WHAT TO WORK ON: Required from the data below: the exact lines starting at the line containing "Поскольку кривые растяжения" and ending at the line containing "Drachenfels 11.00 Uhr", with both ends kept and all pictures dropped.

RECORDS PROVIDED:
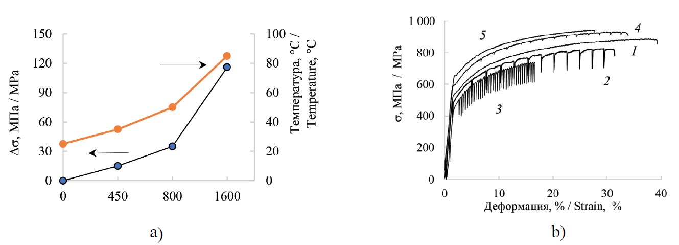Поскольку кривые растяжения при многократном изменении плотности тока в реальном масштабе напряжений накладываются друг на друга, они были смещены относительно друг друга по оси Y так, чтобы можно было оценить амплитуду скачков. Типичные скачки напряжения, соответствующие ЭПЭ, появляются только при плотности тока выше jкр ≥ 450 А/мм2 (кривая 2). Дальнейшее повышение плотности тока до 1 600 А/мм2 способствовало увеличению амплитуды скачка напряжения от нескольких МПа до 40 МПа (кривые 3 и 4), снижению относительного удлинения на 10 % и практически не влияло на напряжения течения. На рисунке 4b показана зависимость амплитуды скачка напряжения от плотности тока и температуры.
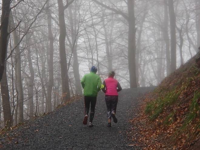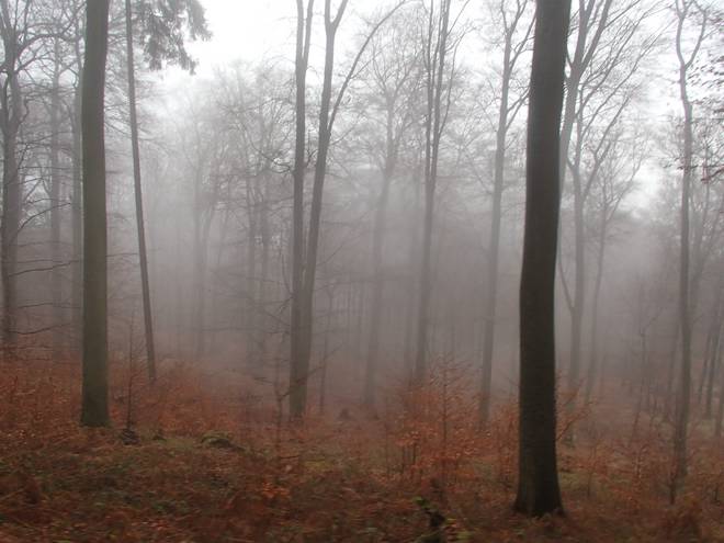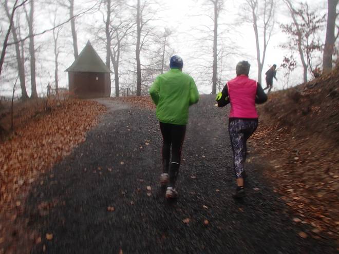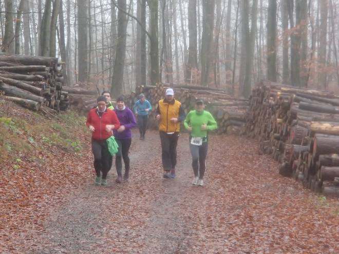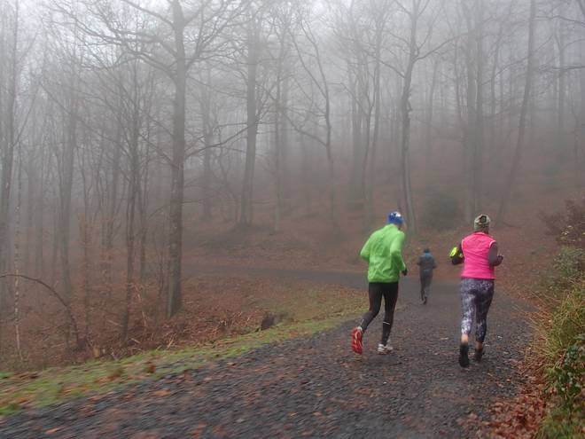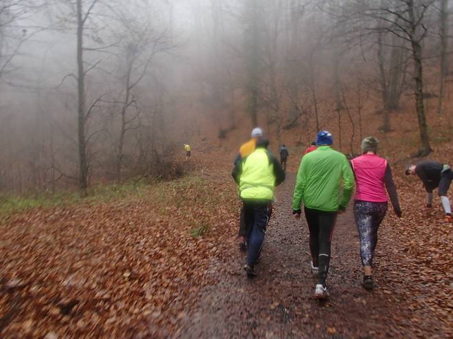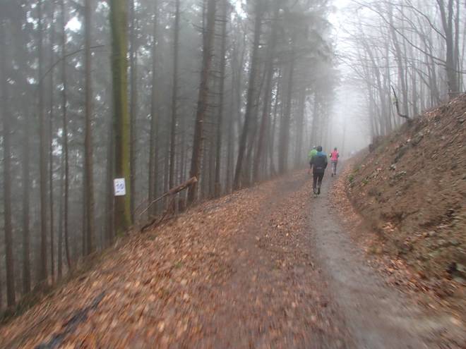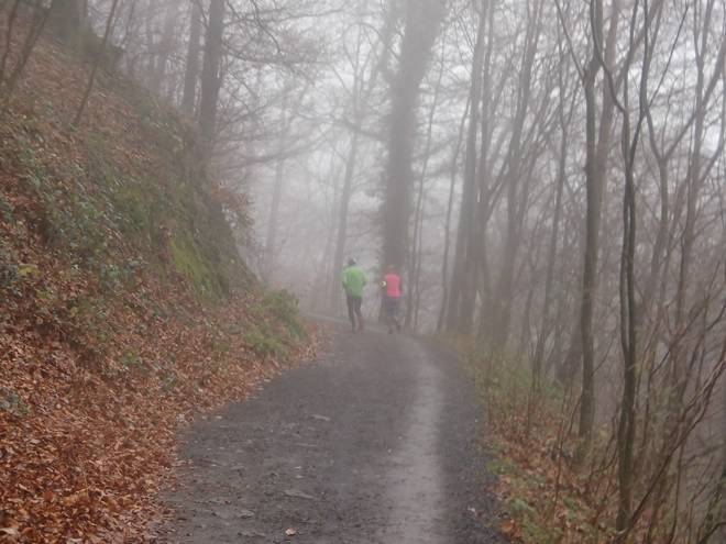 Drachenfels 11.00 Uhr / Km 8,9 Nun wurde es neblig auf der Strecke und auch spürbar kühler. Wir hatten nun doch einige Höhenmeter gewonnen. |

--

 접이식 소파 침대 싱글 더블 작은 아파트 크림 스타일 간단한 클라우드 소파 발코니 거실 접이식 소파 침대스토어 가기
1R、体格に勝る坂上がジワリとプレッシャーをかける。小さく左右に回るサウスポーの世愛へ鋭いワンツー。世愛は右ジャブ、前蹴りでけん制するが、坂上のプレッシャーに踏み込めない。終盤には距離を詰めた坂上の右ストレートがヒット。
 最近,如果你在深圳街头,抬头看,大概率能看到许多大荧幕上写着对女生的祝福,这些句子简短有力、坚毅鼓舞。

...

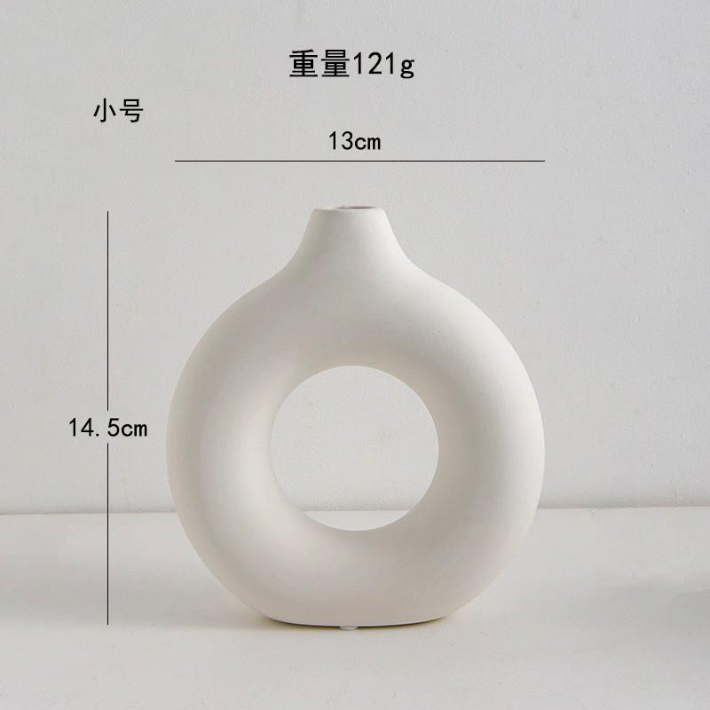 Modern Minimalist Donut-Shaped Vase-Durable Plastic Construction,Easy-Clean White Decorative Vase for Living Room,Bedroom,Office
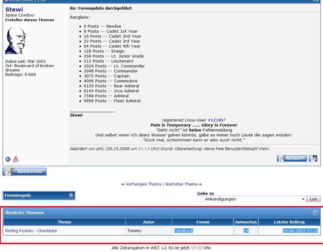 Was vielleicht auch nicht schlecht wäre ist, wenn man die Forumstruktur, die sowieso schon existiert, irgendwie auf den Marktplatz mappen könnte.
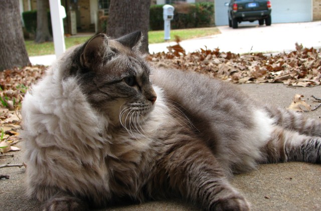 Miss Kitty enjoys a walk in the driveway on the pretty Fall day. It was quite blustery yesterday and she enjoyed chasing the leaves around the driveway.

WRITTEN RESPONSE:
Поскольку кривые растяжения при многократном изменении плотности тока в реальном масштабе напряжений накладываются друг на друга, они были смещены относительно друг друга по оси Y так, чтобы можно было оценить амплитуду скачков. Типичные скачки напряжения, соответствующие ЭПЭ, появляются только при плотности тока выше jкр ≥ 450 А/мм2 (кривая 2). Дальнейшее повышение плотности тока до 1 600 А/мм2 способствовало увеличению амплитуды скачка напряжения от нескольких МПа до 40 МПа (кривые 3 и 4), снижению относительного удлинения на 10 % и практически не влияло на напряжения течения. На рисунке 4b показана зависимость амплитуды скачка напряжения от плотности тока и температуры.
 Drachenfels 11.00 Uhr / Km 8,9 Nun wurde es neblig auf der Strecke und auch spürbar kühler. Wir hatten nun doch einige Höhenmeter gewonnen. |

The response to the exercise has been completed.